How Much Is PMI (Private Mortgage Insurance)? What You Need to Know

PMI is essentially an additional payment as part of your mortgage that acts as insurance for the lender of a mortgage if the borrower stops paying back their loan.

PMI also only applies to conventional loans. Other loans types will have their versions of insurance for the lender, but they can work differently from PMI.

When Is PMI Required? PMI may be required when you’re purchasing a house or refinancing your mortgage. In addition, lenders may require PMI on certain loans if: - Your down payment is less than 20% - For refinance loans: Your loan-to-value ratio is over 80%

Who Provides PMI? If you do need to pay PMI, your lender, not you, will choose the provider of the PMI. In most cases, you won’t know the provider as you make the payment directly to your lender, and they will pass the PMI portion along to the PMI provider.

When Do You Pay PMI? PMI payments can be paid in a few ways depending on PMI type (more on that below). Your lender may let you choose how you pay your PMI, and others will make that decision for you. The most common PMI payment methods include: - Monthly Premium - Upfront Premium - Monthly and Upfront Premiums

Types of Private Mortgage Insurance (PMI)

Borrower-Paid Mortgage Insurance Borrower-Paid Mortgage Insurance (BPMI) is the most common type of PMI. BPMI is an extra payment you make each month in addition to your regular mortgage payment. You can request to have the BPMI payment canceled once you’ve hit the 20% equity mark, but lenders are not required to agree to do so.

Single-Premium Mortgage Insurance Single-premium mortgage insurance (SPMI) works a little differently than BPMI. With SPMI, the borrower pays the entirety of the PMI payment upfront. SPMI can be paid either in full at closing or financed into the mortgage.

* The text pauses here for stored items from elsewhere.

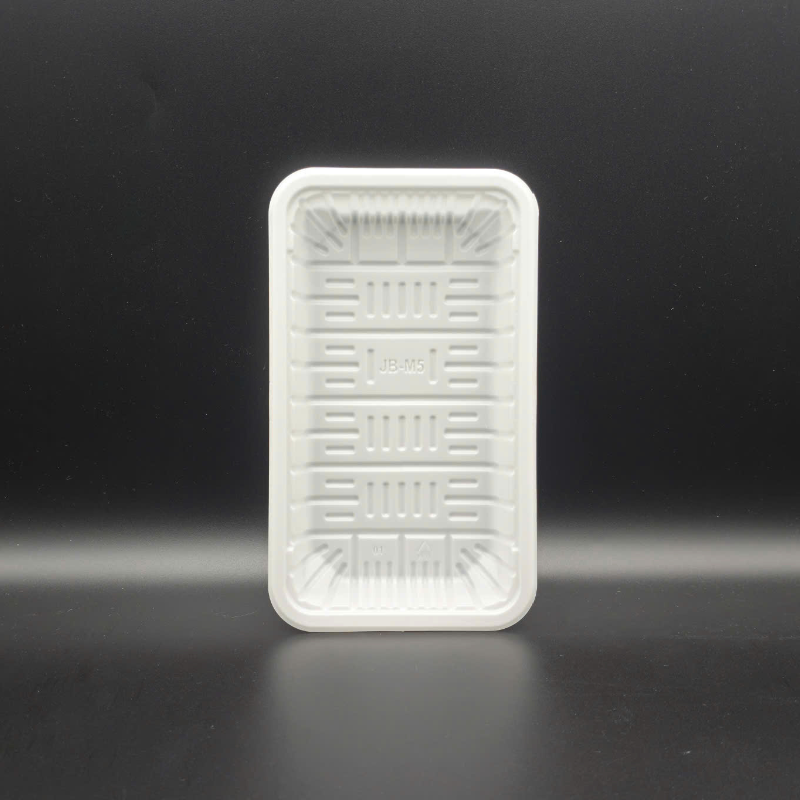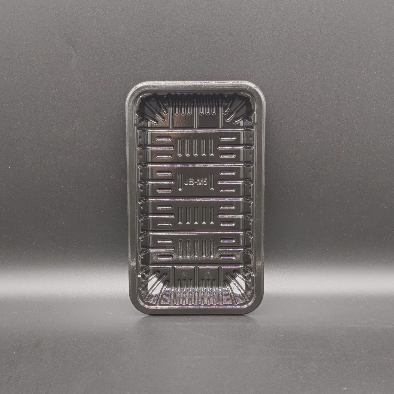 The M5 meat tray is a versatile packaging choice for retailers who need a smaller, smarter option for fresh products. Designed from rigid, food-grade plastic, it protects pork, beef, chicken, or seafood portions during chilling, transport, and display. The rectangular shape with raised ribs lifts meat away from liquid, reducing mess and helping cuts keep their natural colour for longer. Smooth inner walls and rounded corners make loading, stacking, and wrapping fast and efficient on manual or automatic lines. M5 trays are available in white, black, and clear versions so you can match colour to product or branding: white for cleanliness, black for premium lines, and clear for full visibility. Compact sizing saves shelf space and fits perfectly into standard refrigerator trays, delivery boxes, and meal prep kits. Whether you are running a supermarket, butcher shop, online fresh store, or central kitchen, M5 delivers clean, consistent professional presentation every day
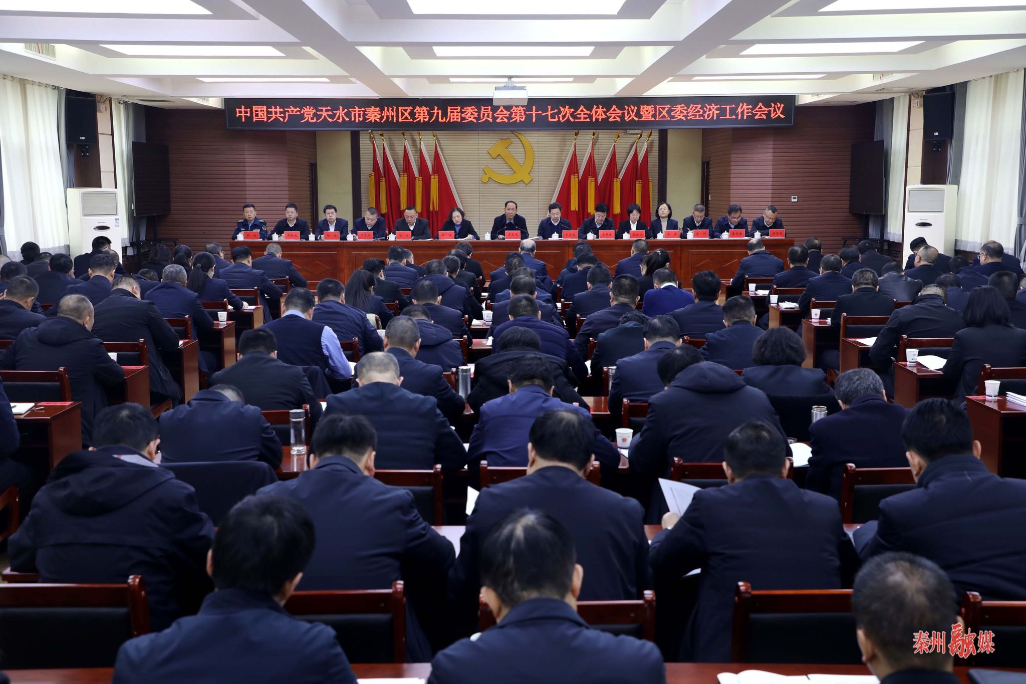 秦州区融媒体中心12月31日讯 (记者 邵千 崔磊 王歧)中国共产党天水市秦州区第九届委员会第十七次全体会议暨区委经济工作会议12月31日召开。会议深入学习贯彻党的二十届四中全会、中央经济工作会议精神,传达学习了省委十四届九次全会、省委经济工作会议精神和市委八届十二次全会暨市委经济工作会议精神,总结2025年工作,分析研判当前经济形势,部署明年及今后一个时期全区经济社会发展任务,动员全区上下坚定信心、振奋精神,凝心聚力谋发展、担当作为开新局,奋力谱写中国式现代化秦州实践新篇章。
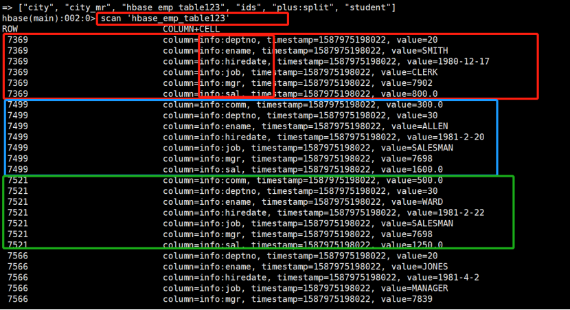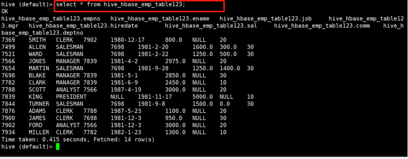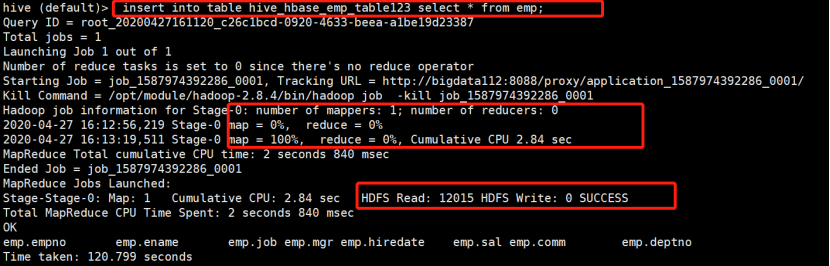 hive (default)> insert into table hive_hbase_emp_table123 select * from emp; |

Split-Premium Mortgage Insurance Another form of PMI is Split-premium mortgage insurance, but it is the least common form of PMI. The best way to describe Split Premium PMI is a combination of BPMI and SPMI. With Split PMI, you’d pay part of the PMI as a lump sum at closing (like SPMI) and the rest as a regular monthly payment as with BPMI.

Lender-Paid Mortgage Insurance With lender-paid mortgage insurance (LPMI), technically, the lender will pay the mortgage insurance premium. However, you will pay for the PMI during the mortgage repayment in the form of a slightly higher interest rate.